*PROVIDED ENTRIES*
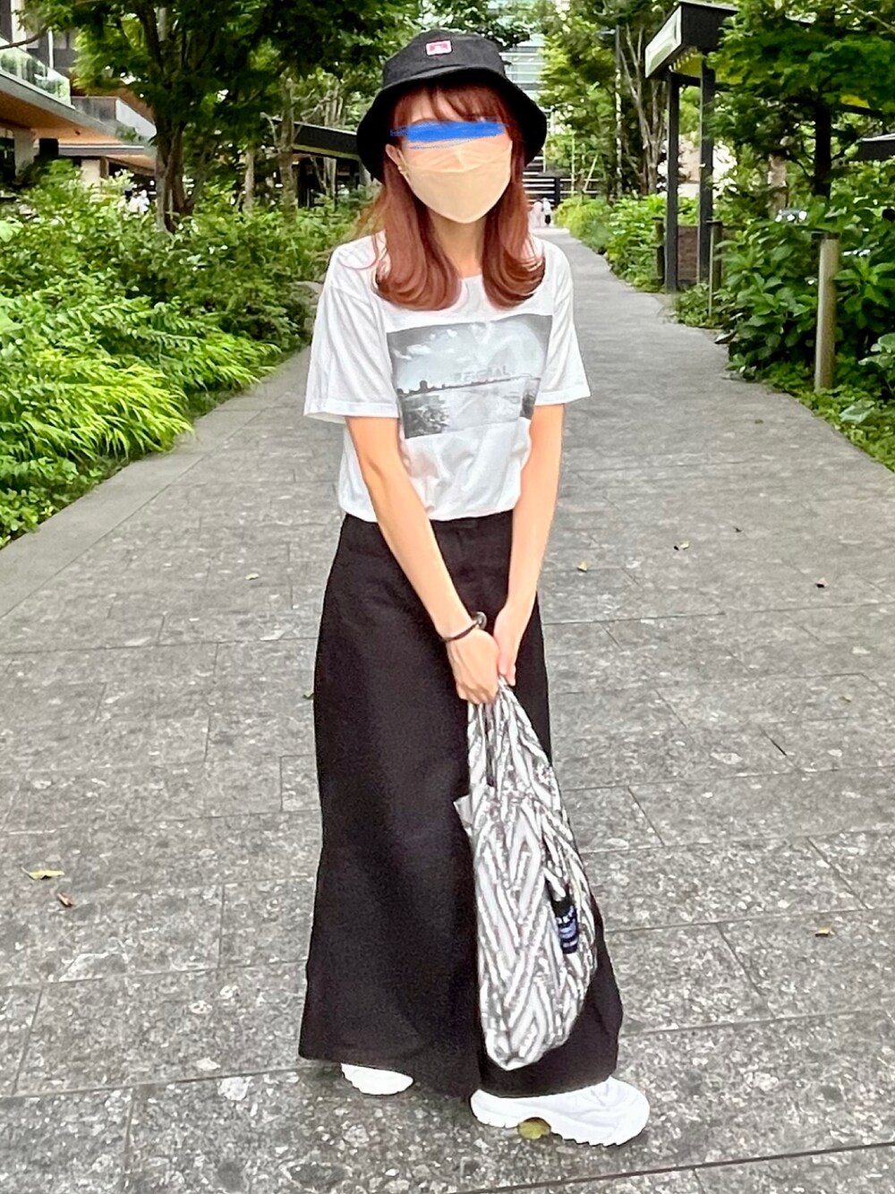 ピアスのゴールド以外、白と黒で合わせてモノトーンコーデにしました。
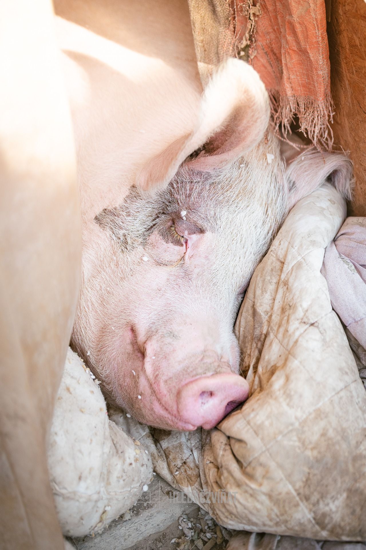 Betynka se narodila 5. 7. 2020 ve velkochovu a protože byla nemocná, měla skončit v kafilerii, jelikož ve velkochovech se z finančních důvodů neléčí... Když nás kontaktovali její zachránci, rozhodli jsme se pomoci, protože už jsme delší dobu zvažovali kamarádku pro vepříka Tondu, se kterým se ostatní zvířátka nebaví. Přijali jsme ji 7. 8. 2020 a ve chvíli příjmu měla 2,7 kg a 48 hodin života... Měla totiž vážit 6kg a nebyla na tom vůbec dobře. Nejedla, měla infekci v kloubech...
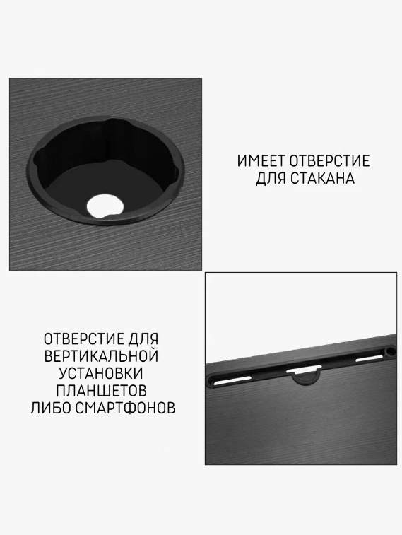 Стол для ноутбука с подстаканником и держателем под планшет или телефон. Компьютерный стол черный интересное:
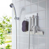 Can also be attached to tiles. Ideal for storing cleaning tools and care products.
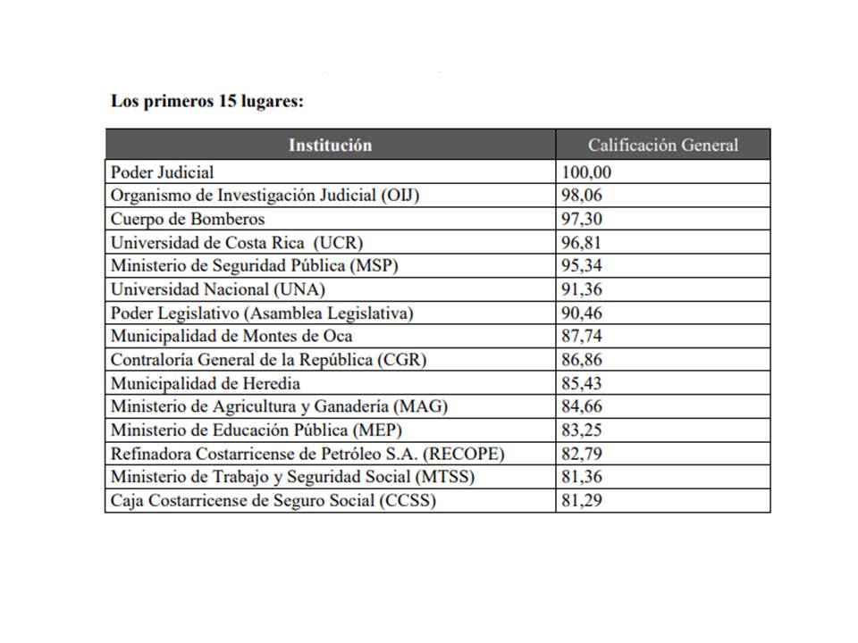 Por otro lado, dentro de la clasificación general del ITSP, RECOPE ocupa este año la posición No 13 entre las 254 instituciones públicas evaluadas.
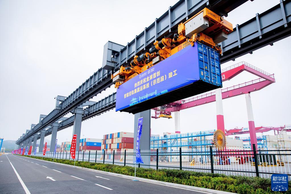6月29日,全球首创智能空中轨道集疏运系统(示范段)在山东港口青岛港自动化码头竣工投入试运营。新华社发
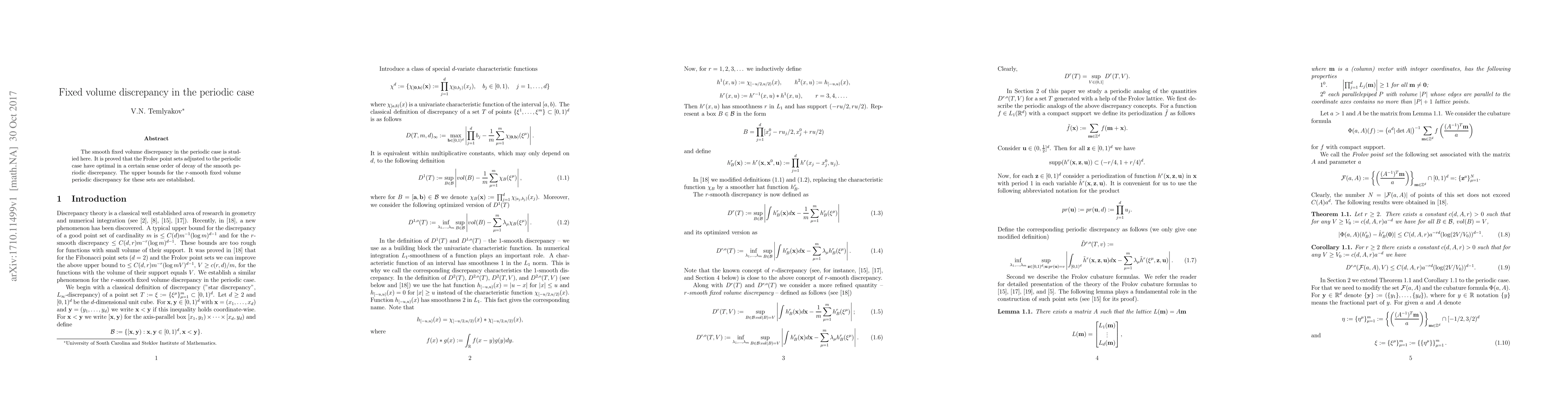 This paper investigates the smooth fixed volume discrepancy in periodic settings, proving that the Frolov point sets exhibit optimal decay rates for the periodic discrepancy. Upper bounds for the $r$-smooth fixed volume periodic discrepancy are established for these sets.
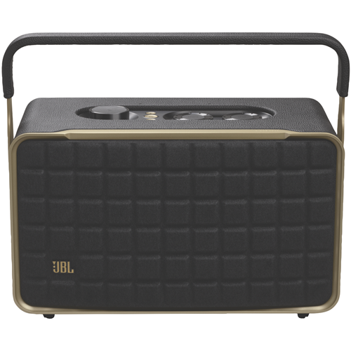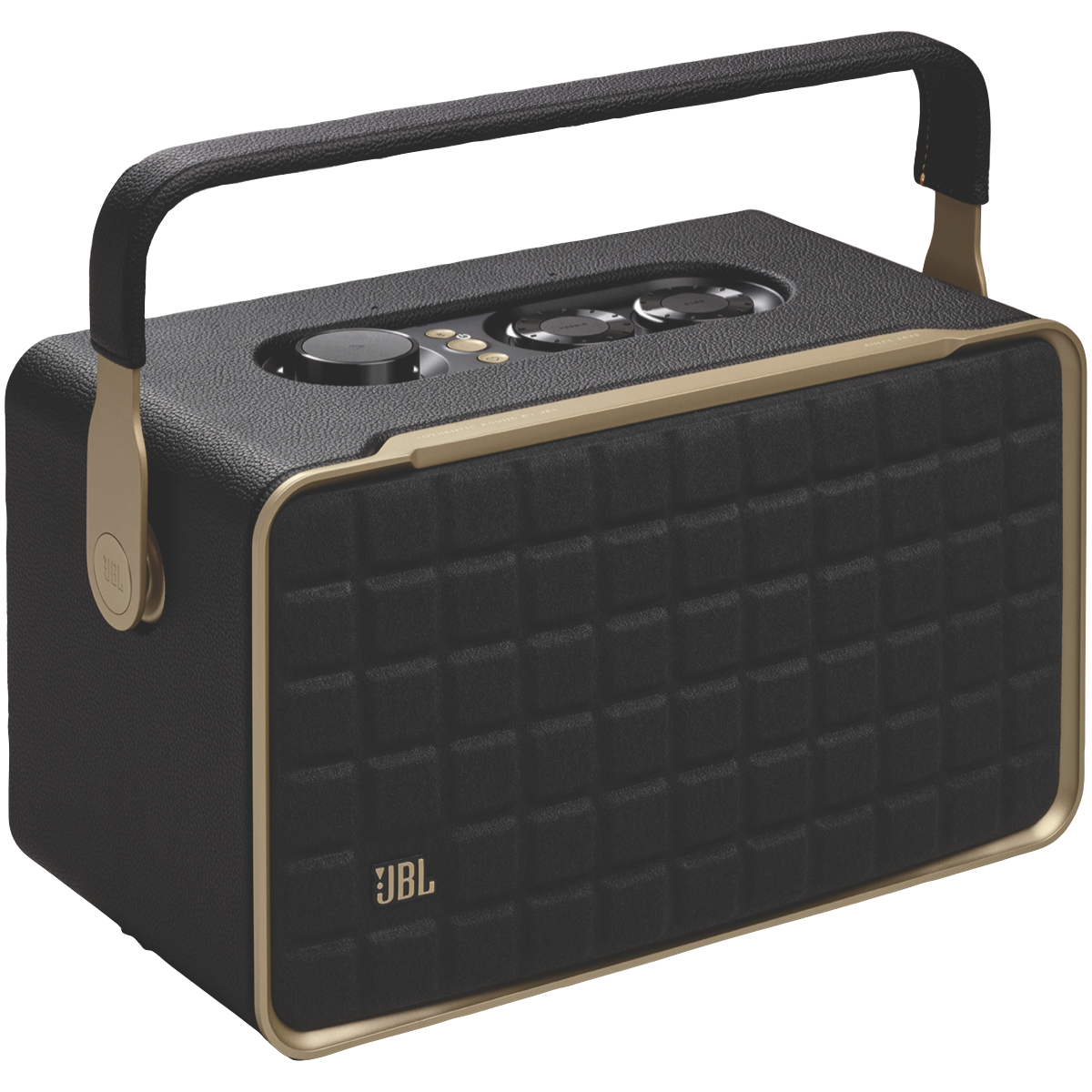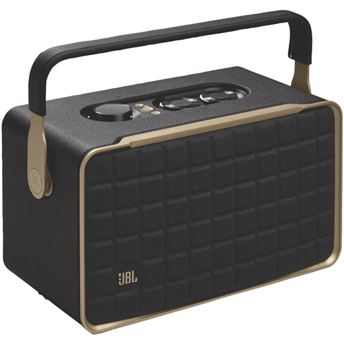 Additional Features Cast aluminium handle and custom leather enclosure give it a retro appeal, Features intuitive controls and the JBL One App (download required), so you can easily customise its settings, 8 hrs Audio Playback Battery Life
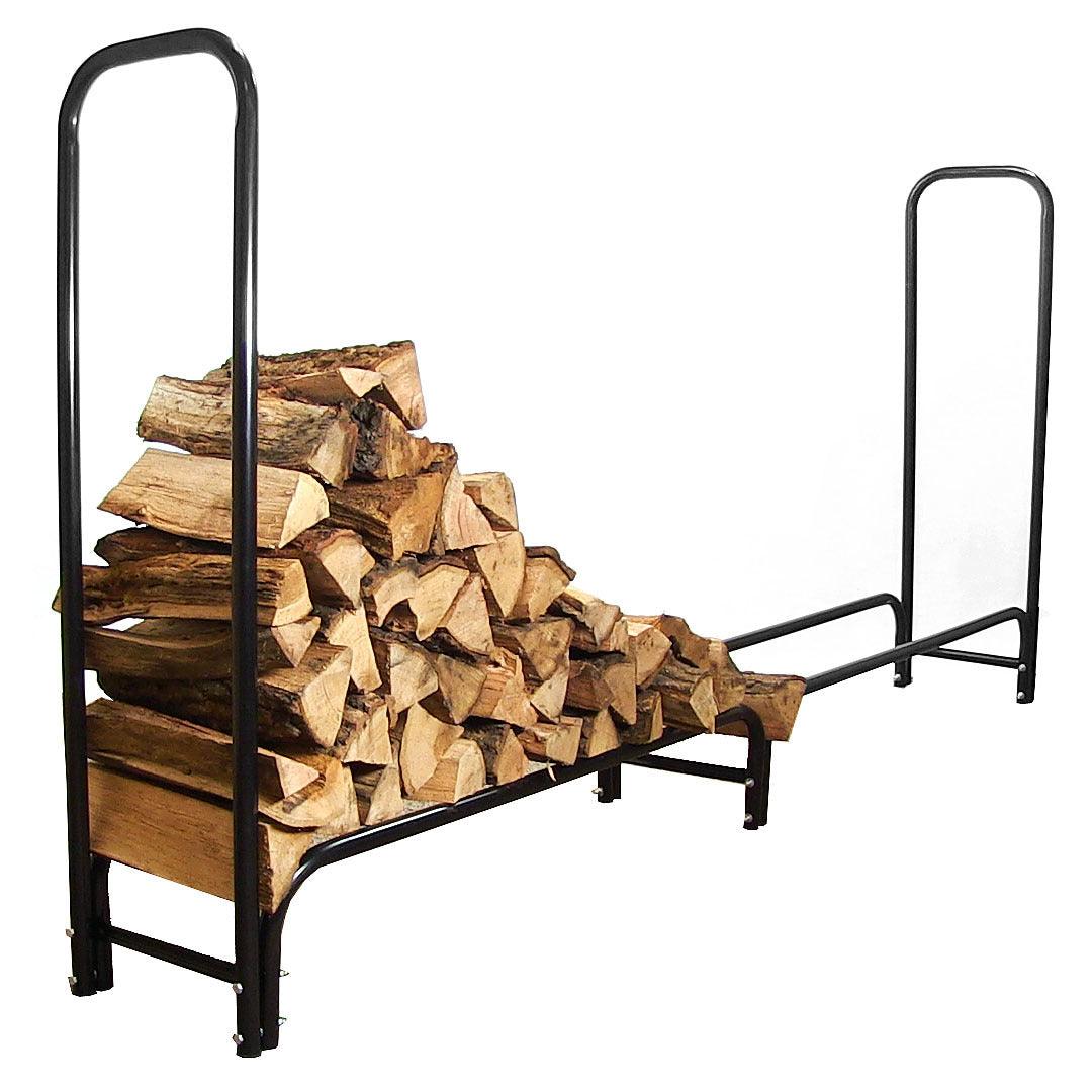 Sunnydaze Log Rack 8' Black Steel Outdoor Firewood Stacker Storage Holder
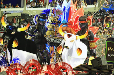 No Rio, o samba fez escola e virou dos maiores espetáculos da terra. Mas bem longe das praias de água salgada e do litoral, uma outra manifestação cultural se tornou um dos maiores festejos do Brasil. Em Parintins, as tradicionais festas do “boi bumbá” ganharam aspectos espetaculares e protagonismo em meio ao cenário cultural do país. Em julho, quando os tambores do samba-enredo estão longe da avenida, o Brasil ouve ecoar as toadas dos bois Garantido e Caprichoso. A ligação de troca entre os dois espetáculos é histórica, foram os parintintins os responsáveis por difundir as esculturas articuladas e os movimentos surpreendentes nas alegorias. Até hoje, equipes da ‘Ilha da Magia’, como é conhecida Parintins, trabalham na festa em diversos barracões em Rio e São Paulo, dando vida às esculturas gigantescas. De cá, também saíram profissionais e artistas que brilham no Bumbodrómo.
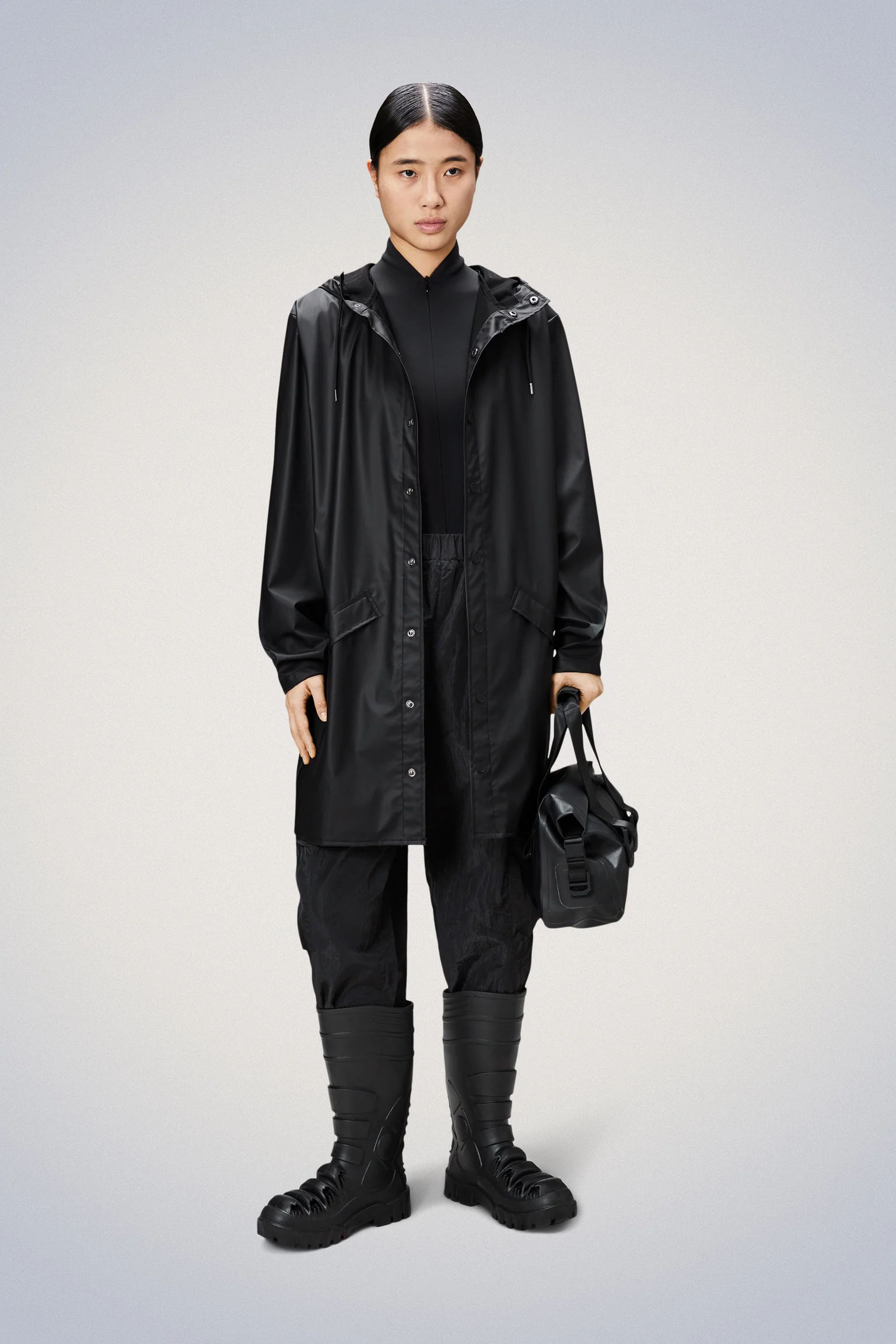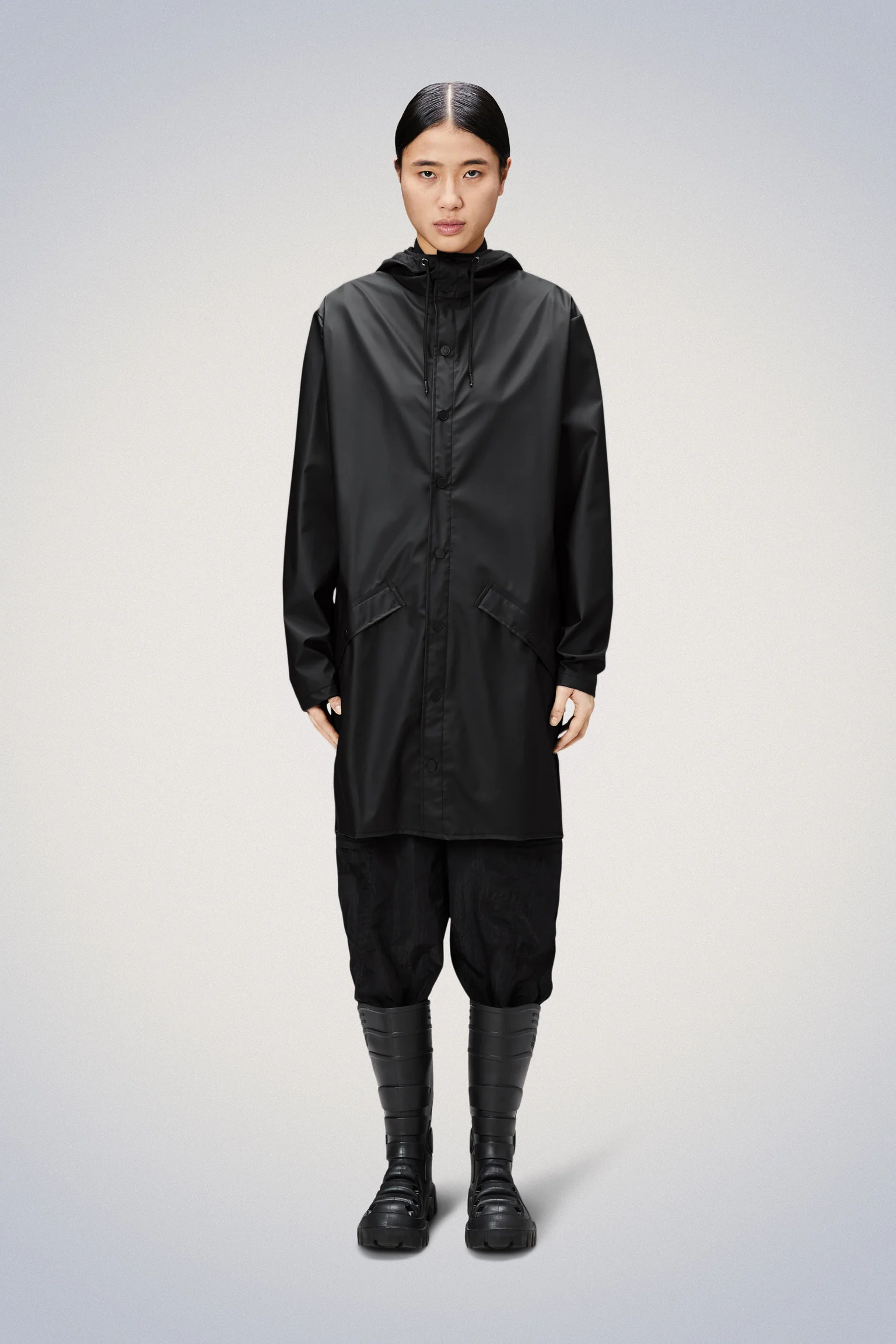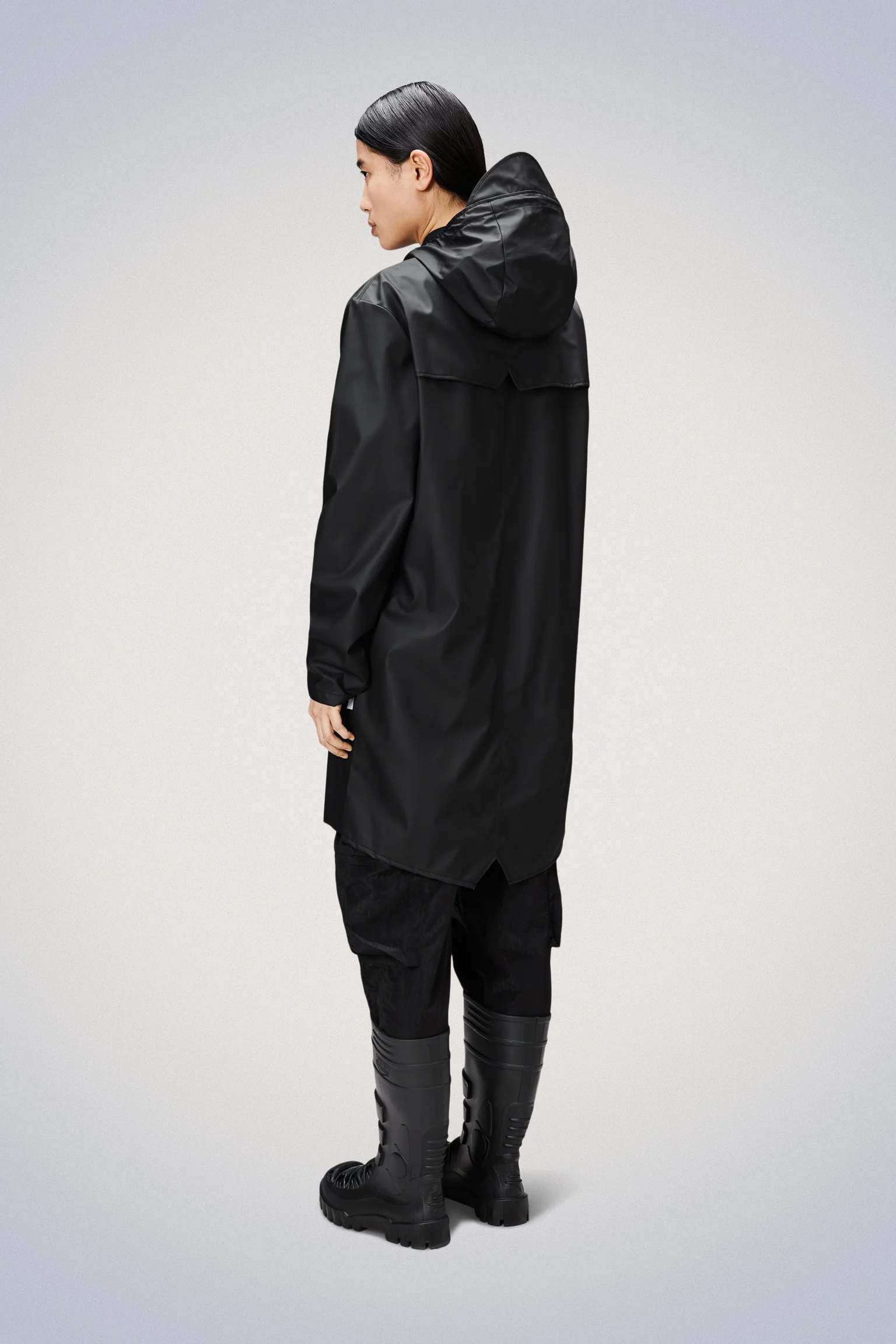 Long Jacket is a longer version of Rain’s classic design Jacket. This ever-contemporary unisex rain jacket delivers high functionality in a minimal silhouette. Features include double welded slanting flap pockets, adjustable cuffs and a fishtail hem. The look is finished with snap fastenings, under-arm eyelets, and a back yoke with concealed vents.

*AIM OF THE TASK*
Restate the data word for word while omitting each picture.

*WORKED SOLUTION*
 ピアスのゴールド以外、白と黒で合わせてモノトーンコーデにしました。
 Betynka se narodila 5. 7. 2020 ve velkochovu a protože byla nemocná, měla skončit v kafilerii, jelikož ve velkochovech se z finančních důvodů neléčí... Když nás kontaktovali její zachránci, rozhodli jsme se pomoci, protože už jsme delší dobu zvažovali kamarádku pro vepříka Tondu, se kterým se ostatní zvířátka nebaví. Přijali jsme ji 7. 8. 2020 a ve chvíli příjmu měla 2,7 kg a 48 hodin života... Měla totiž vážit 6kg a nebyla na tom vůbec dobře. Nejedla, měla infekci v kloubech...
 Стол для ноутбука с подстаканником и держателем под планшет или телефон. Компьютерный стол черный интересное:
 Can also be attached to tiles. Ideal for storing cleaning tools and care products.
 Por otro lado, dentro de la clasificación general del ITSP, RECOPE ocupa este año la posición No 13 entre las 254 instituciones públicas evaluadas.
6月29日,全球首创智能空中轨道集疏运系统(示范段)在山东港口青岛港自动化码头竣工投入试运营。新华社发
 This paper investigates the smooth fixed volume discrepancy in periodic settings, proving that the Frolov point sets exhibit optimal decay rates for the periodic discrepancy. Upper bounds for the $r$-smooth fixed volume periodic discrepancy are established for these sets.
 Additional Features Cast aluminium handle and custom leather enclosure give it a retro appeal, Features intuitive controls and the JBL One App (download required), so you can easily customise its settings, 8 hrs Audio Playback Battery Life
 Sunnydaze Log Rack 8' Black Steel Outdoor Firewood Stacker Storage Holder
 No Rio, o samba fez escola e virou dos maiores espetáculos da terra. Mas bem longe das praias de água salgada e do litoral, uma outra manifestação cultural se tornou um dos maiores festejos do Brasil. Em Parintins, as tradicionais festas do “boi bumbá” ganharam aspectos espetaculares e protagonismo em meio ao cenário cultural do país. Em julho, quando os tambores do samba-enredo estão longe da avenida, o Brasil ouve ecoar as toadas dos bois Garantido e Caprichoso. A ligação de troca entre os dois espetáculos é histórica, foram os parintintins os responsáveis por difundir as esculturas articuladas e os movimentos surpreendentes nas alegorias. Até hoje, equipes da ‘Ilha da Magia’, como é conhecida Parintins, trabalham na festa em diversos barracões em Rio e São Paulo, dando vida às esculturas gigantescas. De cá, também saíram profissionais e artistas que brilham no Bumbodrómo.
 Long Jacket is a longer version of Rain’s classic design Jacket. This ever-contemporary unisex rain jacket delivers high functionality in a minimal silhouette. Features include double welded slanting flap pockets, adjustable cuffs and a fishtail hem. The look is finished with snap fastenings, under-arm eyelets, and a back yoke with concealed vents.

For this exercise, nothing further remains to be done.